Feasible to monitor the womb?

Photo: AFP
Photo: AFP

It has been five years since the 2011 Census revealed the dismal sex ratio in India, its worst since Independence: That of 943 females per 1,000 males. Shockingly, child sex ratio (of those between 0-6 years of age) was lesser: 919 females per 1,000 males. Five years after the census, India is still grappling with this social anomaly despite having taken various measures to stem it.

Stirring a hornet’s nest, the Minister for Women and Child Development, Maneka Gandhi recently suggested that sex determination be made mandatory and each pregnancy be registered and tracked till the time of birth. Speaking at the sidelines of an event, Maneka said her ministry had sent a proposal for the same to the Ministry of Health and Family Welfare under whose purview the Act falls. However, this proposal was soon retracted by the minister. When Tehelka contacted the Ministry of Women and Child Development, it defended Maneka’s statement by saying that the Act (PCPNDT) does not come under its purview. Why then did the minister make such a statement without proper deliberation?

For starters, her statement completely negates the premise of the existing law – Pre Conception and Pre Natal Diagnostic Techniques Act 1994 (PCPNDT Act) – that bans sex determination unless it arises out of medical complications. The Act was enacted in the context of rising sex-selective abortions due to the ready availability of ultrasounds. “Sex-selective abortions rose into prominence because ultrasounds would identify the female foetus and parents who preferred a son began terminating the pregnancy,” says Mohan Rao, social medicine and community health professor in Jawaharlal Nehru University (JNU). Through banning sex determination, the Act was also clamping down on medical practitioners who aided such abortions.

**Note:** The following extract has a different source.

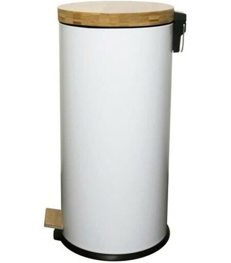 KITCHEN MOVE Poubelle de cuisine a pédale Forest - 30L - Blanc mat - En acier inoxydable et bois avec seau - Facile a nettoyer - Anti-trace de doigts - Poignée de transport solide - Facile a déplacer ...

Maneka’s ‘proposal’ thus met with lot of resistance from various sections as it was seen as a move to benefit medical players. “This is a reprehensible statement which points to the fact that Maneka isn’t there for the welfare of women but for the welfare of the medical industry,” says Rao. An abortion, whether sex-selective or not, cannot be done without the help of the medical fraternity. A statement issued in public domain by a national collective of women’s organisations and social activists points out that Maneka’s statement undermines the efforts to check the handin- glove involvement of health professionals. “The pcpndt Act was formulated precisely to address the manner in which unscrupulous health professionals and corporate profiteers have misused technology and made sex selection into a lucrative business venture,” it reads.

Shifting the onus of the pregnancy on the mother effectively means overlooking the role of the medical establishment. “Tracking of pregnancies will conveniently let the medical fraternity off the hook and that will definitely lead to further increase in female foeticide,” says Tehmina Arora, lawyer and founder of Vanishing Girls, a campaign dedicated to fight selective sex abortion.